The taxpayer will be granted a Licence to use property which will enable the taxpayer to produce its assessable income. In return for the grant of the Licence, the taxpayer can choose to pay annual Licence Fees on their Licence Fee Payment Dates or prepay the annual Licence Fees when the Licence is granted.
Relevant legislative provisions
Section 8-1 of the Income Tax Assessment Act 1997 (ITAA 1997)
Paragraph 8-1(1)(a) of the ITAA 1997
Paragraph 8-1(2)(a) of the ITAA 1997
Section 230-45 of the ITAA 1997
Subparagraph 230-460(2)(e)(i) of the ITAA 1997
Subsection 82KZL(1) of the Income Tax Assessment Act 1936 (ITAA 1936)

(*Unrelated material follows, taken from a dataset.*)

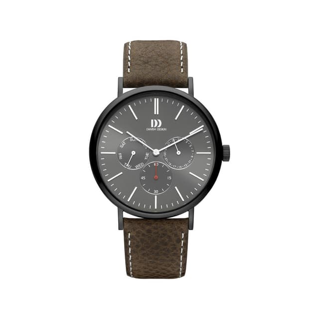 Tämä monitoimikello danish design antaa täydellisen päivityksen. Siinä on ruostumattomasta teräksestä valmistettu kotelo, jossa on harmaa valitsin ja monitoimilaitteet, mineraalilasi ja ruskea nahkahihna.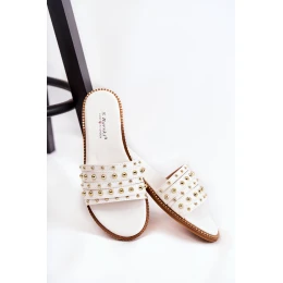 Jedinečné dámské pantofle s módními ozdobnými cvočky. Vyrobeno z eko kůže. Měkká stélka Comfort Shoes z eko kůže je velmi pohodlná na používání. Pantofle mají kolem podrážky jemný ornament. Nos je otevřený, zaoblený. Nasazené na plochém podpatku, s podrážkou z plastu. Solidní model, ideální na letní dny! Při výběru velikosti použijte tabulku velikostí.

Subsection 82KZL(2) of the ITAA 1936
Paragraph 82KZL(2)(b) of the ITAA 1936
Section 82KZMA of the ITAA 1936
Paragraph 82KZMA(1)(a) of the ITAA 1936
Paragraph 82KZMA(1)(b) of the ITAA 1936
Subsection 82KZMA(2) of the ITAA 1936
Subparagraph 82KZMA(2)(a)(i) of the ITAA 1936
Subsection 82KZMA(3) of the ITAA 1936
Subparagraph 82KZMA(3)(a)(i) of the ITAA 1936
Subparagraph 82KZMA(3)(b) of the ITAA 1936
Subparagraph 82KZMA(3)(c) of the ITAA 1936
Subsection 82KZMA(4) of the ITAA 1936
Subsection 82KZMA(5) of the ITAA 1936
Section 82KZMD of the ITAA 1936
Does Part IVA apply to this advice?
Part IVA of the Income Tax Assessment Act 1936 is a general anti-avoidance rule that can apply in certain circumstances if you or another taxpayer obtain a tax benefit in connection with an arrangement and it can be concluded that the arrangement, or any part of it, was entered into or carried out by any person for the dominant purpose of enabling a tax benefit to be obtained. If Part IVA applies, the tax benefit can be cancelled, for example, by disallowing a deduction that was otherwise allowable.

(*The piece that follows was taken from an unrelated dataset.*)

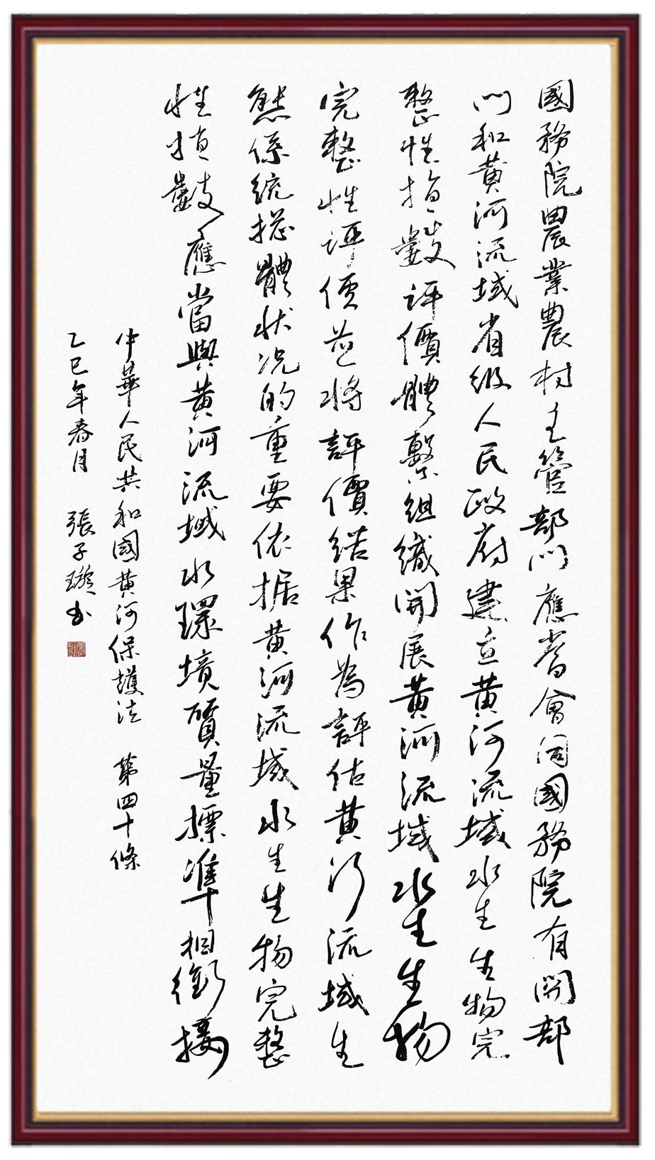 黄河宁,天下平。黄河是中华民族的发源地和摇篮,保护黄河是事关中华民族伟大复兴的千秋大计。《中华人民共和国黄河保护法》为推进水资源节约集约利用、保护传承弘扬黄河文化、推动黄河流域生态保护和高质量发展提供了有力法治保障。继书写《中华人民共和国民法典》《中华人民共和国宪法》《中华人民共和国澳门特别行政区基本法》《中华人民共和国香港特别行政区基本法》《中华人民共和国国旗法》《中华人民共和国国徽法》《中华人民共和国国歌法》《中华人民共和国法官法》等法律法规之后,法制日报社联合沿黄九省(区)司法厅、书法家协会,将笔端对准《中华人民共和国黄河保护法》。

We have not considered the application of Part IVA to the arrangement you have asked us to provide advice on, or to an associated or wider arrangement of which that arrangement is part.
If you want us to provide advice on whether Part IVA applies, we will first need to obtain and consider all the facts about the arrangement which are relevant to determining whether Part IVA may apply.
For more information on Part IVA, go to our website (www.ato.gov.au) and enter 'part iva general' in the search box on the top right of the page, then select: 'Part IVA: the general anti-avoidance rule for income tax'.
Reasons for decision
Issue 1 Question 1
Summary
The Licence Fees will be incurred in gaining or producing the taxpayer's assessable income for the purpose of paragraph 8-1(1)(a) of the ITAA 1997.
The Licence Fees will not be outgoings of capital or of a capital nature for the purpose of paragraph 8-1(2)(a) of the ITAA 1997.
Each Licence Fee will be incurred on its payment date and will be properly referable to the income year in which it is incurred.
The payment of the Licence Fees will be deductible for the taxpayer under section 8-1 of the ITAA 1997 when they are incurred.
Detailed reasoning
Will the Licence Fees be deductible under section 8-1 of the ITAA 1997?
Section 8-1 of the ITAA 1997 states that:
8-1(1) You can deduct from your assessable income any loss or outgoing to the extent that:
(a) it is incurred in gaining or producing your assessable income; or
(b) it is necessarily incurred in carrying on a *business for the purpose of gaining or producing your assessable income.
8-1(2) However, you cannot deduct a loss or outgoing under this section to the extent that:
(a) it is a loss or outgoing of capital, or of a capital nature; or…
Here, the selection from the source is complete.